Intro
Often times, it can help make sense of complex information by simplifying and organizing them. A knowledge map (sometimes also known as conceptual map) is a visual simplification of how something works.
When you learn something new, you inevitably start building a knowledge map in your mind, which is why you may also refer to this as a mental model, but often it helps to take a step back and deliberately think about how you want to create your mental model, ideally by drawing out a little knowledge map.
Such knowledge maps are useful for both teachers and students.
From a teacher’s perspective
- Knowledge maps allow better transfer of complex knowledge to students. Often times, breaking down information and visualizing the components makes it easier for students to understand a complex topic.
- This also helps the teacher avoid cognitive overload. A common rule of thumb says that humans cannot grasp more than 7 pieces of information at a time. Having a visual knowldge map often allows teachers to realize that they need to simplify.
From a student’s perspective - A knowledge map is a compact way of representing a topic or concept, making it easier to grasp the various components and how they relate or interact. - Organizing information visually and mentally also helps transfer knowledge into long term memory, as opposed to short-term memory. - It’s a great way to summarize a lesson, which you can revisit at the start of the next lesson. This might help you connect ideas effectively from one week of the course to the next.

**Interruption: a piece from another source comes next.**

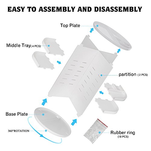 - ADJUSTABLE TRAYS: Allow you to adjust tray height according to the height of your products; Fit all different types of products and accessories.There's also small rubber rings to secure the tray and each part. It's worth every penny of it, you can DIY the makeup holder;
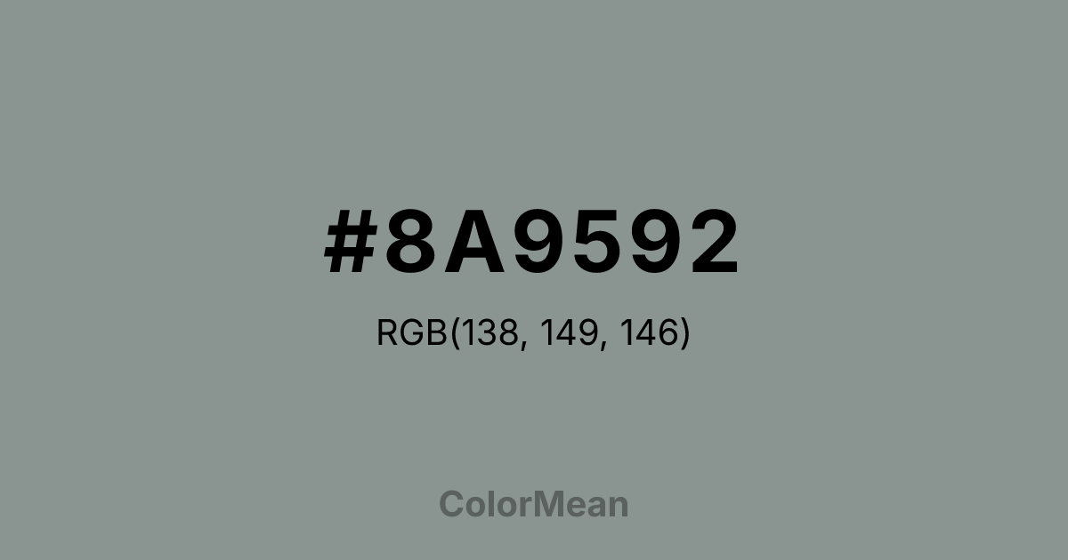 #8A9592 RGB value is (138, 149, 146). The hex color red value is 138, green is 149, and blue is 146. Its HSL format shows a hue of 164°, saturation of 5 percent, and lightness of 56 percent. The CMYK process values are 7 percent, 0 percent, 2 percent, 42 percent.

The mental models that students create are of course heavily influenced by the teacher’s own mental models. But sometimes you may want to create your very own in a way that makes most sense to you. And for that, drawing out a knowledge map is one of the best approaches.
Example 1: An API Call
Let’s go through two examples. The first one is a very simple knowlegde map of an API call. We will take the ChatGPT user interface (where you type in a message and get a response from the AI) as our example.
In words: You (the user) interacts with the UI through your internet browser. When you type a message and click “send”, an API call is made from your browser to OpenAI, the creator of ChatGPT. OpenAI runs your message through their AI system and returns the response. Importantly, the API as well as the response have a standardized, agreed upon format, otherwise the communication fails.
Example 2: Training and Evaluating a ML Model
Our second example is the process of training and evaluating a machine learning model, a typical task of a data scientist. You learn about this in our DS202 course in detail, so here is what this process typically looks like.
In words: You start by splitting the data into a training and test set. Using the training data only, you fit a machine learning model (eg a linear regression). You then use your fitted model and evaluate its performance using the validation data. The reason for this train/test split is that we always want to evaluate the performance of the model on an unseen, separate data set, which is more reliable.
Conclusion
Knowledge maps can help visually organize information. If you find yourself struggling to grasp a concept, try visualizing it. Chances are, you will realize along the way what is missing, and once you have you knowledge map, you won’t forget it.
There is no right or wrong here really, every knowledge map looks different, and it just has to work for you. But here are some general tips:
- keep it simple - you don’t need to visualize every detail, but you can add the ones that are most important to you
- keep evolving your concept map - if you learn something new, you may realize that you need to update your mental model
- share your concept map with someone else - they may agree or disagree with your version, but together you can arrive at an even better one
- advance tip - if you feel especially motivated, you can even draw Quarto diagrams using code.
Just give it a try and see how it works for you.